Entrevista com Maria Julia Oliva, assessora-sênior da União para o Biocomércio Ético (UEBT
A ratificação do Protocolo de Nagoya pela Índia em outubro durante a 11a Conferência das Partes da Convenção sobre Diversidade Biológica (COP 11) foi de grande relevância política, avalia Maria Julia Oliva, assessora-sênior da União para o Biocomércio Ético (UEBT). A adesão poderá acelerar sua ratificação por outros países fundamentais no tema do acesso aos recursos genéticos e repartição de benefícios (ABS). Nagoya precisa de 50 ratificações para entrar em vigor, o que é previsto para 2015 – nove países já o fizeram. Especialista em ABS, Maria Julia falou a Página22.
Como o Protocolo de Nagoya poderá ajudar as empresas a utilizar recursos genéticos sem cair na zona de perigo da biopirataria?
As normas de Nagoya são claras e práticas. Por isso, espera-se que sejam mais efetivas. Uma regra que vale mencionar é a que trata das medidas dos usuários no contexto do ABS. Quer dizer que não só os provedores precisam de normas, como também os países onde ocorrem as pesquisas e o desenvolvimento de produtos.

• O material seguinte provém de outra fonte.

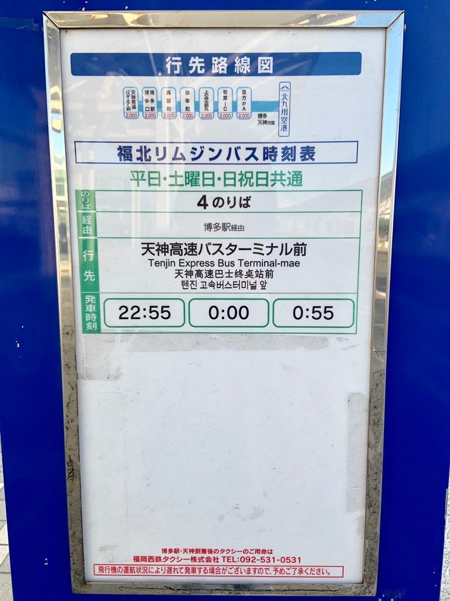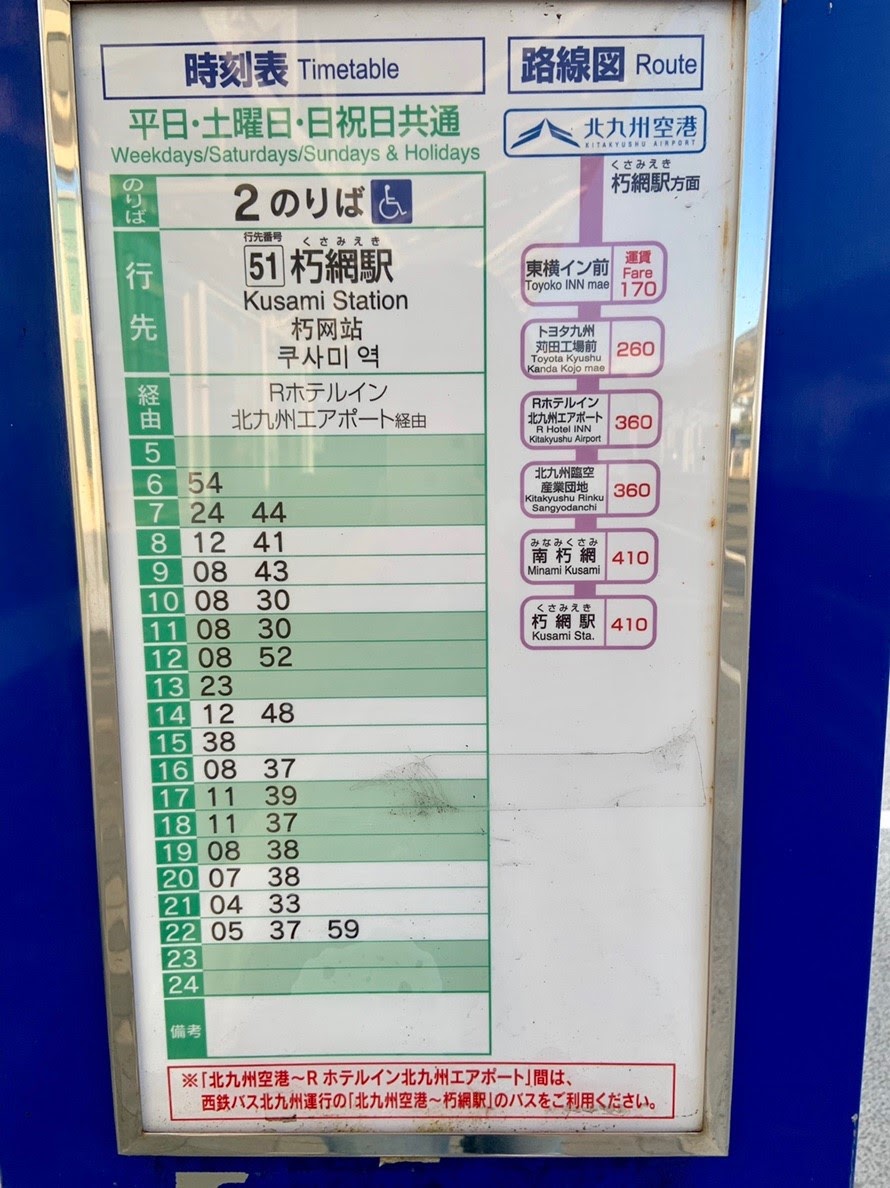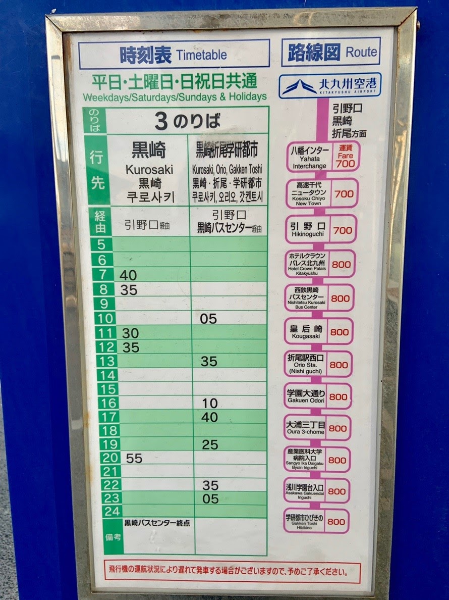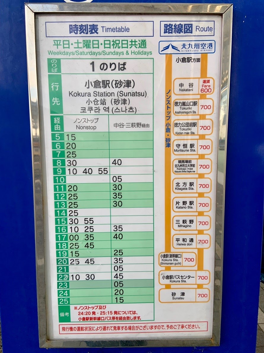 北九州機場沒有直接相連的鐵路車站,最接近的是日豐本縣朽網站、苅田站,所以必須得靠巴士離開這個機場人工島。機場也設置了五個目的地的巴士站,以下將五個站牌時刻表分享給大家: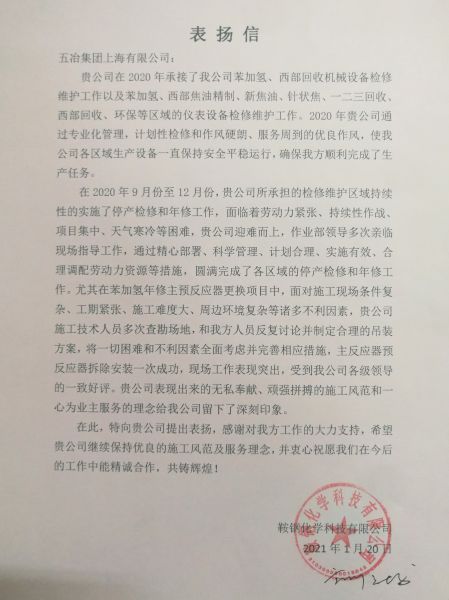 1月20日,工程技术服务公司第二分公司辽宁作业部收到鞍钢化学科技有限公司的表扬信,对我作业部在2020年设备常规履约及年大修工作中展现的无私奉献、顽强拼搏的施工风范和全心全意为业主的工作理念进行了通报表扬和衷心感谢。

Nagoya fomenta posições menos proibitivas por parte de países provedores de recursos genéticos?
Durante anos se falou de ABS sob uma postura muito defensiva, uma vez que os países temiam perder direitos, então suas legislações eram proibitivas. Mas a discussão que culminou no Protocolo se deu conta de que a biodiversidade precisa ser valorizada e usada para gerar benefícios que possam ser compartilhados para gerar incentivos ao seu uso sustentável e fundos para a conservação.
Como será a implementação do tratado
nos países?
Dependerá de como os países o adaptam às suas legislações nacionais. Interessante que a União Europeia tenha apresentado um projeto de legislação para implementá-lo. Ele trata de constituir um sistema que facilita a distribuição de benefícios.
O Instituto de Estudos do Comércio e Negociações Internacionais (Icone) simulou perdas superiores a R$ 600 milhões anuais com Nagoya, tomando como base o ano de 2009 e a cobrança de royalties de 1% sobre a produção de cana, soja e carnes. A preocupação procede?
Dois pontos importantes. Primeiro, o Protocolo de Nagoya valerá a partir de sua vigência,
não será retroativo. Segundo, a distribuição
de benefícios do Protocolo não será apenas monetária. Há um reconhecimento de que
os benefícios não monetários são os mais importantes para realizar os objetivos da CDB. No contexto das cadeias de valor, podemos falar de benefícios como capacitação e transferência de tecnologia.
O tratado, então, implicaria pagamento de benefícios se uma empresa desenvolvesse uma nova variedade de milho a partir de linhagens silvestres do México?
Isso estaria coberto pelo Protocolo. O que não estaria contemplado seria uma variedade plantada hoje no Brasil que foi desenvolvida nos anos 1960. Há, também, que se levar em conta que Nagoya reconhece a agricultura como situação particular, tanto pela forma com que se realiza, ao usar diversas variedades para desenvolver uma nova planta, como por sua importância para a humanidade. O tratado permite aos países instituir normas específicas para o uso de recursos genéticos na agricultura.
Como a UEBT estimula o biocomércio ético?
As empresas associadas à UEBT se comprometem com nosso padrão voluntário, que inclui requisitos específicos sobre distribuição de benefícios. É uma experiência interessante para alcançar benefícios de forma tal que promovam o desenvolvimento local sustentável. Nossos membros trabalham com outros atores de suas cadeias de valor que necessitam de negociações baseadas no diálogo, em preços equitativos e no consentimento informado prévio.